En primer lugar se decidió analizar mediante una gráfica las formas de tirar basura por área.

grafica_area <- FormasDe_Area %>% gather(Forma.Eliminar, Porcentaje, -Area)
ggplot(data=grafica_area, aes(x=Area, y=Porcentaje, fill=Forma.Eliminar)) + geom_bar(stat="identity", position="stack") + labs(x="Área", title="Forma de Eliminar Basura por Área")

Se hizo una gráfica sobre las formas de recoger leña por departamento.

grafica_dep <- FormasLenia_Dep %>% gather(Forma.de.Conseguir.Lenia, Cantidad, -Departamento)
grafica_dep$Forma.de.Conseguir.Lenia <- factor(grafica_dep$Forma.de.Conseguir.Lenia)
grafica_dep$Cantidad <- as.numeric(grafica_dep$Cantidad) / 100
grafica_dep %>% ggplot(aes(Departamento, Cantidad)) +
    geom_col(aes(fill = Forma.de.Conseguir.Lenia, group = Forma.de.Conseguir.Lenia), position = "nudge") +
    theme(axis.text.x = element_text(angle = 90))

CONCLUSIONES

  1. En Guatemala las dos formas de eliminar basura son por medio del servicio municipal o por medio de la quema.
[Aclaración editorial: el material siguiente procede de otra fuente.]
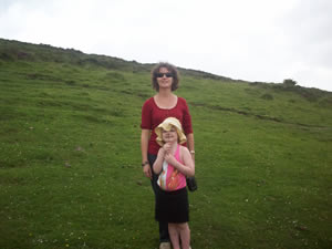 Along the walk we saw cows and sheep. Julie was so helpful getting Aine up the mountain. Lily was super helpful about helping Aine down the mountain. We saw one guy run up and down mountain. We expect to see him on a professional soccer team soon!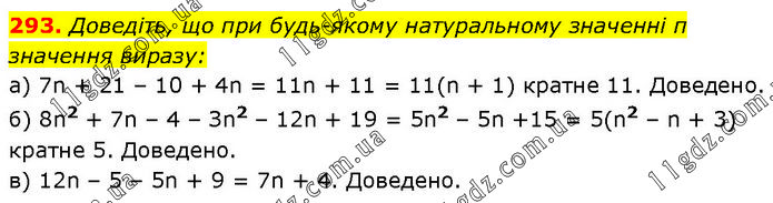 Доведіть, що при будь-якому натуральному значенні п значення виразу: а) 7n + 21 – 10 + 4n = 11n + 11 = 11(n + 1) кратне 11. Доведено. б) 8n2 + 7n – 4 – Зn2 – 12n + 19 = 5n2 – 5n +15 = 5(n2 – n + 3) кратне 5. Доведено. в) 12n – 5 – 5n + 9 = 7n + 4. Доведено.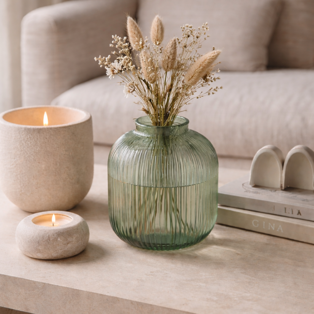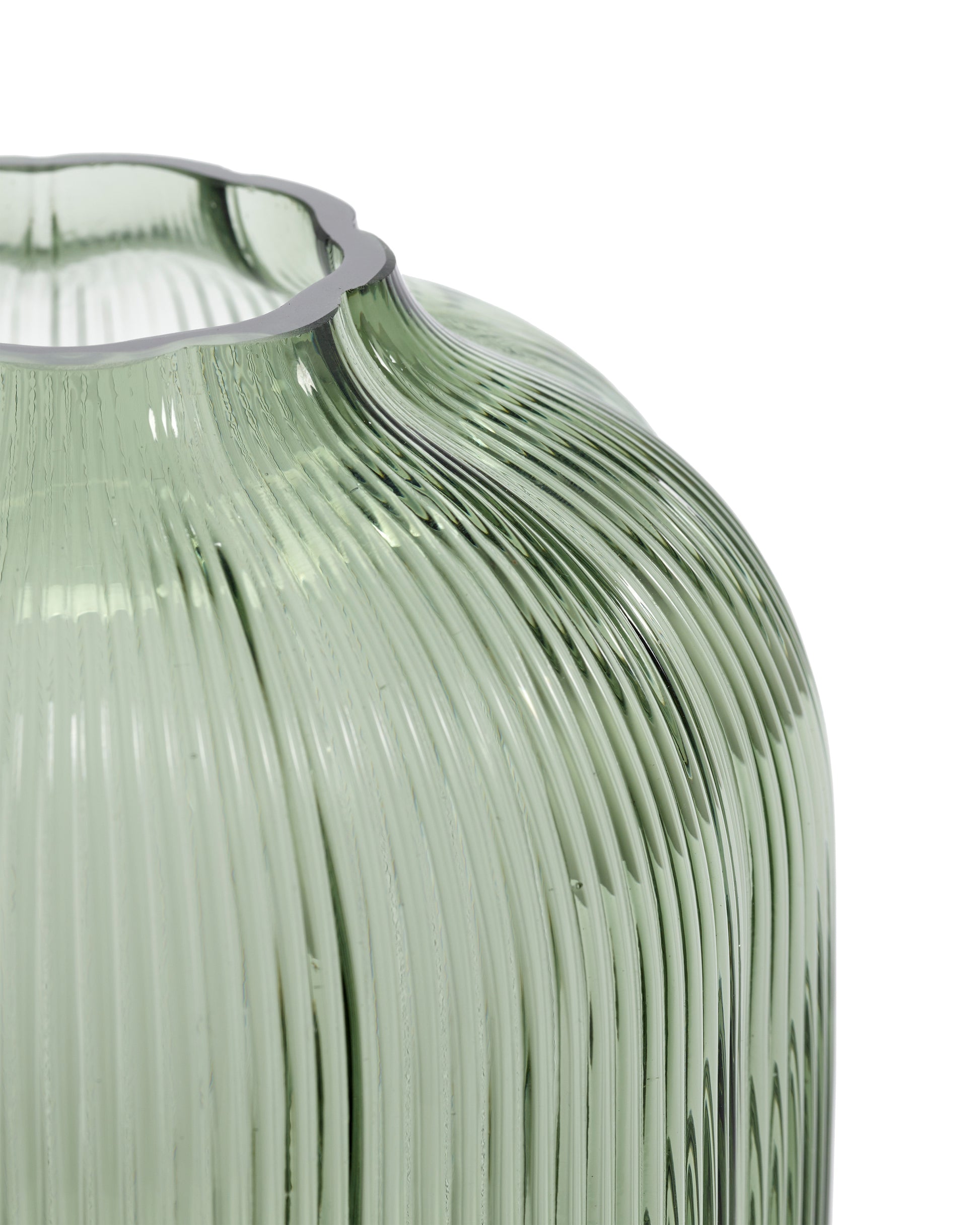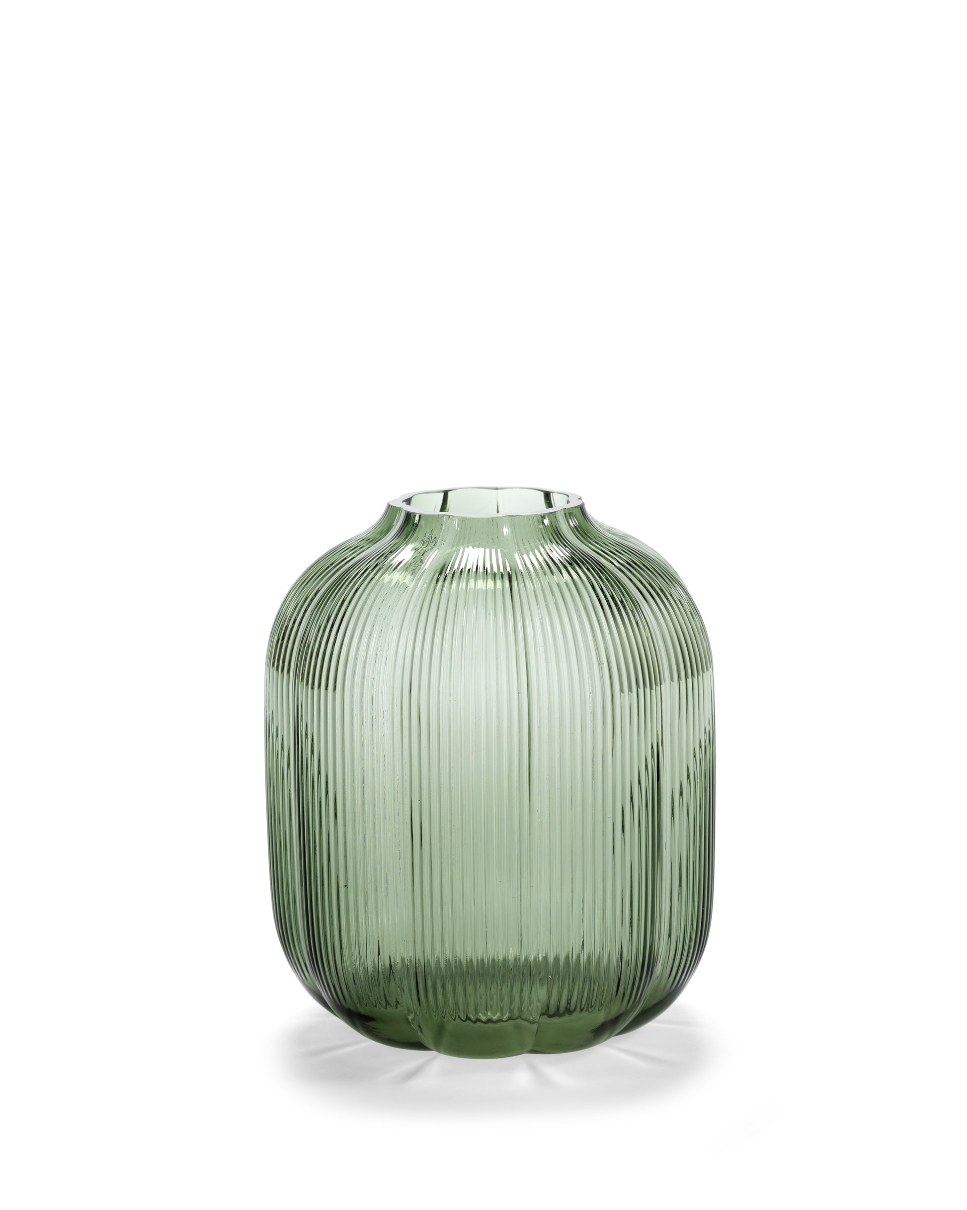 Deze elegante glazen vaas van Serax valt op door zijn zachte groene tint en verfijnde verticale ribbelstructuur. De ronde vorm en subtiel golvende rand geven de vaas een organische uitstraling, waardoor hij zowel met als zonder bloemen een stijlvol object in het interieur vormt.

Lo que se puede ver en las tablas y en la gráfica es que el servicio municipal es más usado en el área urbana y que en el área rural predomina la práctica de la quema. Esto se debe a que los servicios municipales solo están desarrollados en la ciudad y pueblos grandes, y también porque la gente tiene la cultura de quemar la basura.
  2. La gran mayoría de los guatemaltecos usan la leña para cocinar, alrededor del 80%. Estos porcentajes son aún mayores en las áreas rurales y entre las personas con nivel de pobreza alto. Esto se debe a que acceder a una estufa eléctrica o a gas implica una gran suma de dinero para muchos.
  3. Después de establecer que una gran mayoría usa leña, se debía determinar si compraban la leña o si la recogían. Lo que se oberva en la última gráfica es que la mayoría la recogen. Solo en departamentos como Guatemala, Sacatepéquez y Quetzaltenango hay bastante gente que la compra.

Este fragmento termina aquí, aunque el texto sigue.